# Verizon Wireless EVDO w/Thinkpad T61p Sierra MC5725

## jeffk

Can anyone provide up-to-date tips on connecting to Verizon Wireless' EVDO service? My hardware is an IBM/Lenovo T61p, and the failure would seem to be somewhere in the pppd call peer scripts and chat.

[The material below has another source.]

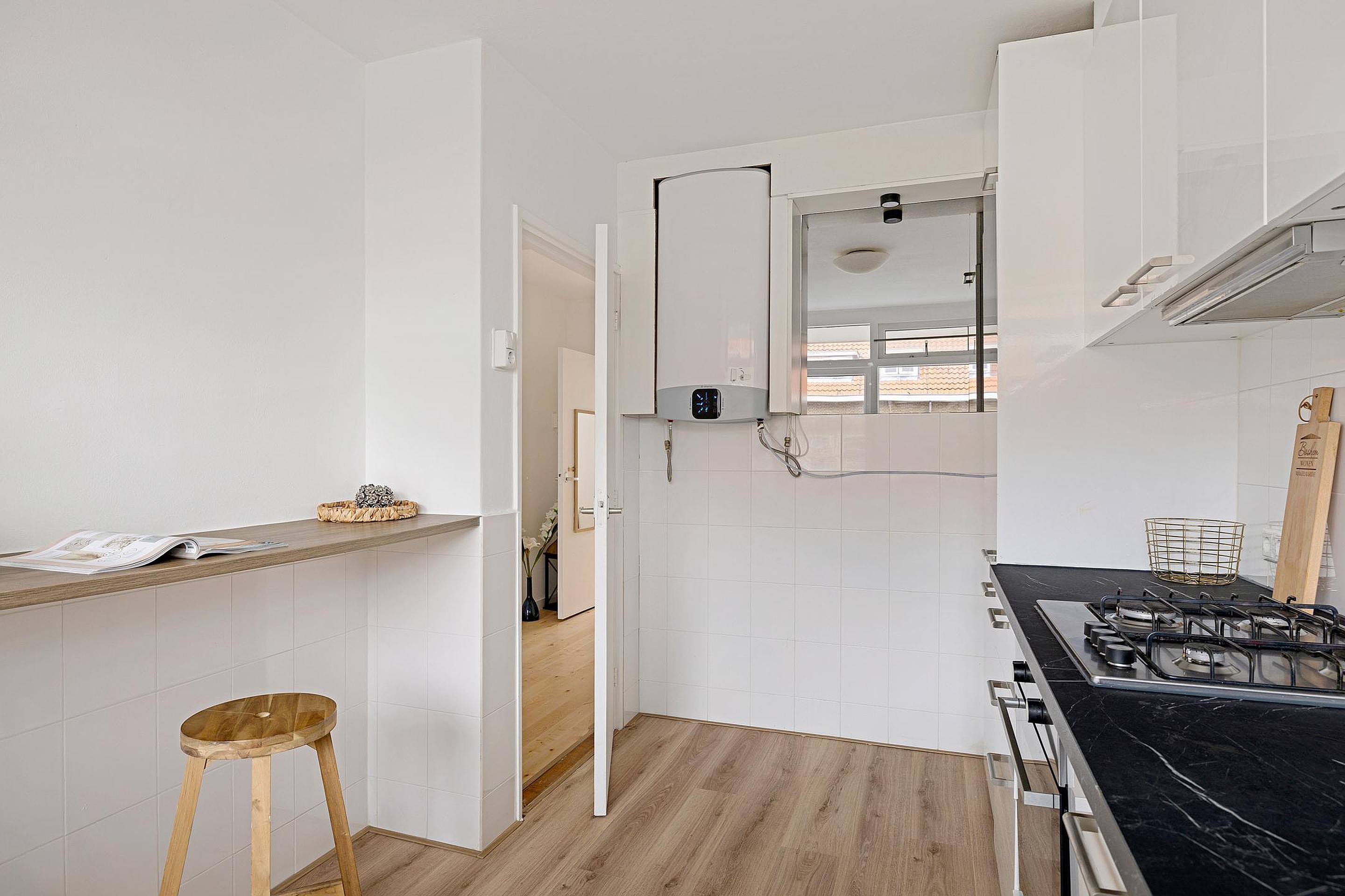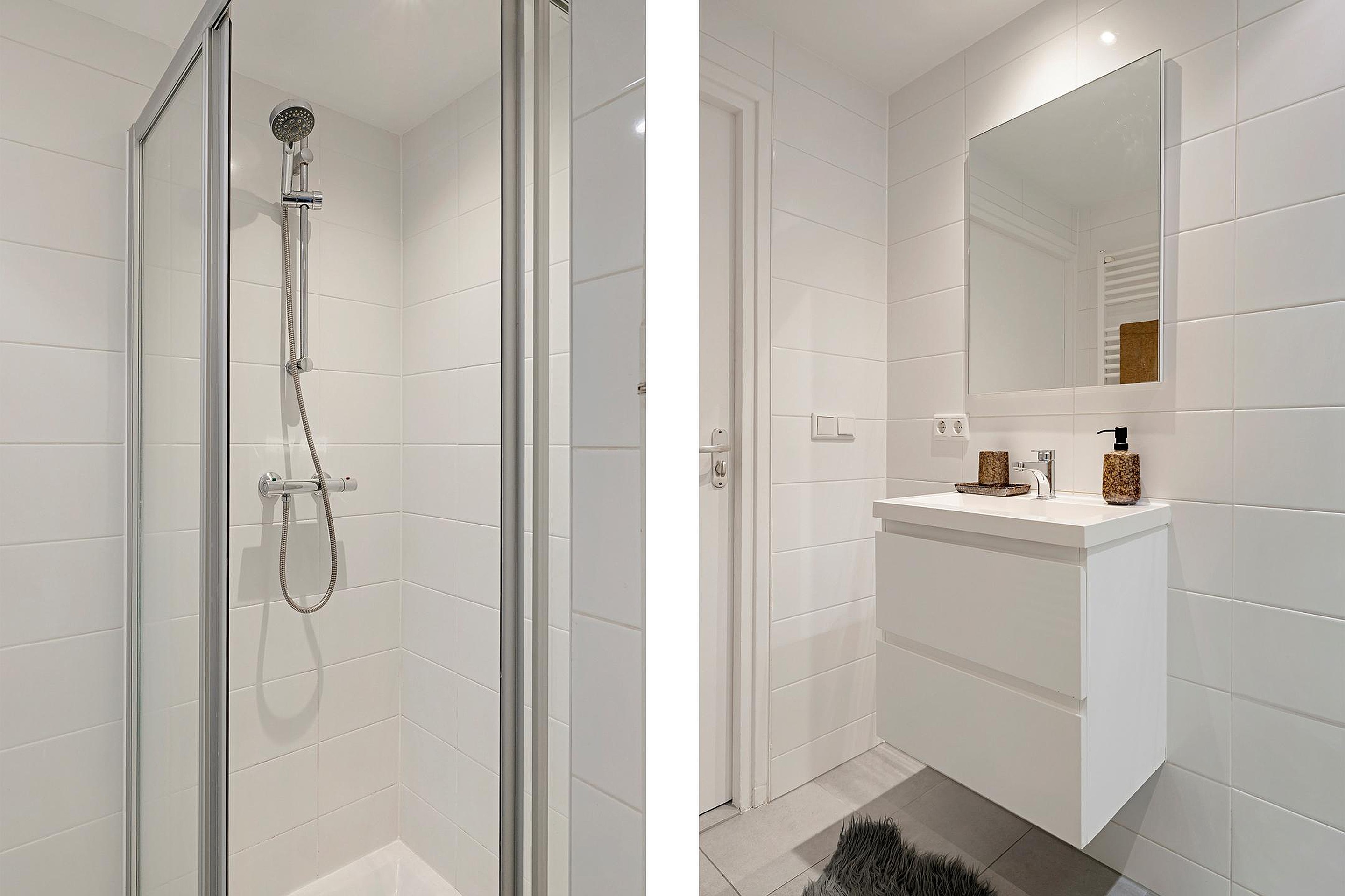 De keuken is functioneel ingericht en voorzien van een 4-pits gasfornuis met afzuigkap, een koel-/vriescombinatie, vaatwasser, voldoende kastruimte. De badkamer is netjes afgewerkt en beschikt over een douche, wastafel en een was-/droogmachine-aansluiting. Er is een separaat toilet met fontein.

References: Thinkwiki: Verizon 1xEV-DO WWAN, How-To: EVDO on Gentoo Linux

Kernel parameters look good:

```
# grep -e "PPP\|SIERRA" kernel-config-x86-2.6.28-gentoo-r1 

CONFIG_PPP=m

# CONFIG_PPP_MULTILINK is not set

CONFIG_PPP_FILTER=y

CONFIG_PPP_ASYNC=m

CONFIG_PPP_SYNC_TTY=m

CONFIG_PPP_DEFLATE=m

CONFIG_PPP_BSDCOMP=m

CONFIG_PPP_MPPE=m

CONFIG_PPPOE=m

CONFIG_PPPOL2TP=m

CONFIG_USB_SERIAL_SIERRAWIRELESS=m
```

Normally only module ppp_generic autoloads, so modprobe ppp_async:

```
# modprobe ppp_async

# lsmod | grep -e "ppp\|sierra"

ppp_async               7424  0 

crc_ccitt               1984  1 ppp_async

ppp_generic            17756  1 ppp_async

slhc                    5184  1 ppp_generic

sierra                  8776  0 

usbserial              23812  1 sierra

usbcore               115032  9 sierra,usbserial,sl811_hcd,usbhid,ohci_hcd,uhci_hcd,usb_storage,ehci_hcd
```

The Sierra modem is found on the USB bus:

```
# lshw | grep Sierra

                   product: Sierra Wireless MC5725 Modem

                   vendor: Sierra Wireless, Incorporated

# lsusb

Bus 004 Device 001: ID 1d6b:0001  

Bus 007 Device 001: ID 1d6b:0001  

Bus 006 Device 002: ID 1199:0220 Sierra Wireless, Inc. 

Bus 006 Device 001: ID 1d6b:0001  

Bus 005 Device 002: ID 045e:00dd Microsoft Corp. 

Bus 005 Device 003: ID 045e:0040 Microsoft Corp. Wheel Mouse Optical

Bus 005 Device 001: ID 1d6b:0001  

Bus 001 Device 001: ID 1d6b:0002  

Bus 002 Device 001: ID 1d6b:0002  

Bus 003 Device 001: ID 1d6b:0001  

Bus 003 Device 002: ID 0a5c:2110 Broadcom Corp. 

Bus 003 Device 003: ID 0483:2016 SGS Thomson Microelectronics Fingerprint Reader
```

The appropriate /dev/ttyUSB0 note already exists:

```
# ls -l /dev/ttyUSB*

crw-rw---- 1 root uucp 188, 0 Jan 20 17:47 /dev/ttyUSB0

crw-rw---- 1 root uucp 188, 1 Jan 20 17:47 /dev/ttyUSB1

crw-rw---- 1 root uucp 188, 2 Jan 20 17:47 /dev/ttyUSB2
```

Per the thinkwiki reference, I can echo some test interactions with the modem:

```
# cat /dev/ttyUSB0 &

[1] 18512
```

```
# echo AT > /dev/ttyUSB0

AT

OK

```

```
# AT+GSN

0x6SNIPMYHEX

OK

```

The /proc interfaces work to turn on and off the modem via software:

```
# echo enabled > /proc/acpi/ibm/wan

# echo 'at!pcstate=1' > /dev/ttyUSB0

# at!pcstate=1

OK

```

(Omitting 'disabled' step, but that works too)

```
# kill -9 18512
```

Now for the part that doesn't work, pppd call (script). For any variation of the following I get a nondescriptive "Connect script failed."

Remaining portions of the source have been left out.